Two examples from the world of diocesan theological education will set the scene. An academic I know, a leader in his field and a hard-working parish priest, offered to help with his cathedral’s pro­gramme of education. It came to nothing. His sugges­tions were rebuffed for being “too Christian”. Staff at the cathedral said that they prided themselves on out­reach to non-Christians, and any­thing too religious “might put them off”.

Another friend, also a parish priest, attended a course on “leader­ship devel­op­ment” organised by her diocese. It could have been training for Marks & Spencer or NatWest: it was secular management theory from beginning to end.

This approach was so entrenched that, when she voiced her concern and asked for a little more theology, she was met with scorn. The diocese, she was told, left it to individuals to “baptise” the learning of society at large. Yet this would suggest that ideas are more or less neutral, whereas they can be variously good and bad, and we need theology to judge them.

The mentality this episode illustrates does not envisage that theology should perform an incisive critique on the ideas of our time. But then this brand of accommodating liberalism has given up making the effort to judge. We can leave it to people to work things through theo­logically in their own time only if we are also committed to the ongoing task of putting that theology in place.

If you need further confirmation of a deficit of theology in the life of the Church, consider Church of England reports. The theological introduc­tion or concluding reflec­tion is usually bland. It will often set out a tapestry of quotations, and from slightly marginal figures, rather than delivering a sustained argu­ment, ex­pounding heavyweight theo­­logians. There is considerable con­fusion over what counts as an authority.

Theologically speaking, Mission-shaped Church (CHP, 2004) is the worst example by some margin. Look through the list of references at the back of this gospel for the 21st-century Church. Swaths of it read like the inventory of second-hand paper­backs in an Evangelical book­shop. The proportion of citations from definitive thinkers from the Christian tradition is minute.

This is a real problem. We are mov­ing into new, uncertain territory with a scratched-together guide.
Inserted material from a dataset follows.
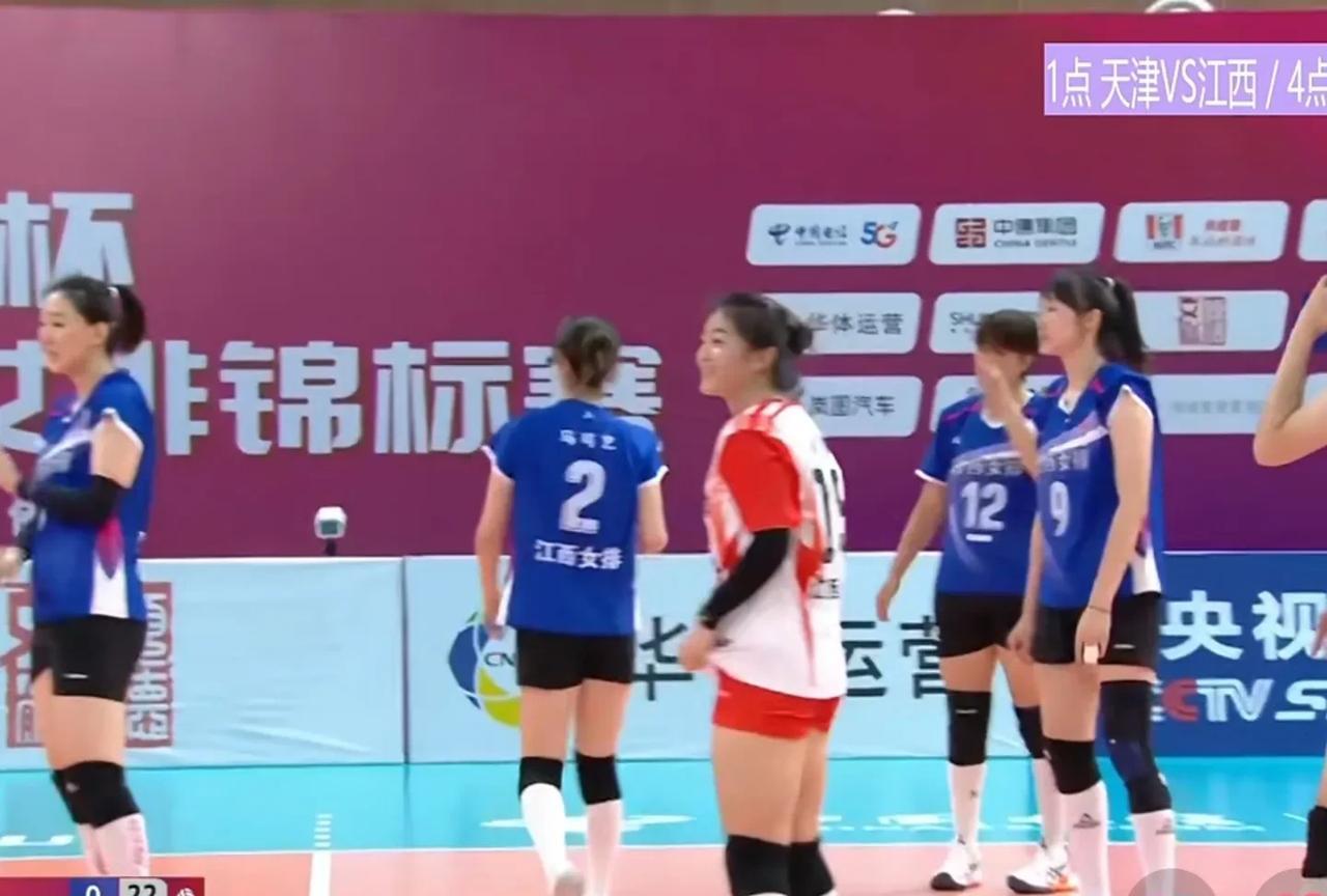 陈友泉率江西女排首迎旧主抢局成功,董铭霄获得上场机会表现并不出彩,江西女排自由人防守很好不输孟子璇! 8月14日,全国女排锦标赛小组赛最后一天的比赛,天津女排对阵江西女排。这也是陈友泉从天津离开执教江西女排后第一次与老东家正面交手。 由于这一场比赛对两队的出线形势没有影响,陈方或许是为了淘汰赛蓄力,孟子璇首发,王艺竹轮休,杨艺登场,卞敏璇搭配夏思佳出任副攻线。 首局比赛,江西女排开局还能咬住比分,后面撑不住了,18-25先丢一局。 第二局,江西女排与天津女排打得十分胶着,场面上并不处于劣势,两队多次打平,替补上场的自由人袁蓉多次防起陈博雅、刘美君的重扣,令人眼前一亮,江西队22-21领先的情况下,没能守住优势,以23-25再输一局。 第三局,江西女排紧咬比分,与天津女排打到18-18,杨艺连续扣球失误,江西女排21-19领先,陈方用董铭霄换下杨艺,董铭霄哐哐两个扣球得分帮助队伍将比分追平,21-21,江西队快球得分,刘立雯一传不到位,董铭霄两次扣球出了边线,江西队拿到了赛点,董铭霄被杨艺换下,江西队拦网得分,25-23,江西队拿下一局。 第四局,江西队与天津队还是打得有来有往,孟豆被张馨月换下,刘鑫获得上场机会,陈博雅也能休息会了,两队又是分差不大,江西队20-21后连丢两分,此后又将比分追到22-23,陈方叫暂停。江西队乱球失误,天津队靠着拦网以25-22拿下第四局。 这场比赛,不知是陈方留面还是天津队发挥不佳,江西队输得并不难看。

The former director of the Fresh Expres­sions movement commented per­ceptively on its website that ecclesiology — which is exactly what we need — is a “word which stops conversations more than it starts them”. He rightly pointed out that much work remains to be done before the Church will be literate in this area.

The literature of Fresh Expres­sions exemplifies something partic­ularly perplexing — a disengage­ment by Evangelicals from theology more generally. In the zealous Evan­gelical world of my undergraduate years in the early ’90s, doctrine was the staple of our conversations. But, since then, Anglican Evangelicalism has bifurcated. As the conservative and open wings grow apart, it seems that an awkward silence is being kept over diverging theological convic­tions.

Instead, there is a new emphasis on the outward life of discipleship and getting people into church, and theology is ignored or even dis­paraged. Previous generations would not have seen a tension between these options.

I single out Evangelical Anglicans not in scorn, but rather out of a sense of disappointment. They are highly significant in the current balance of the Church, and their tradition promises more.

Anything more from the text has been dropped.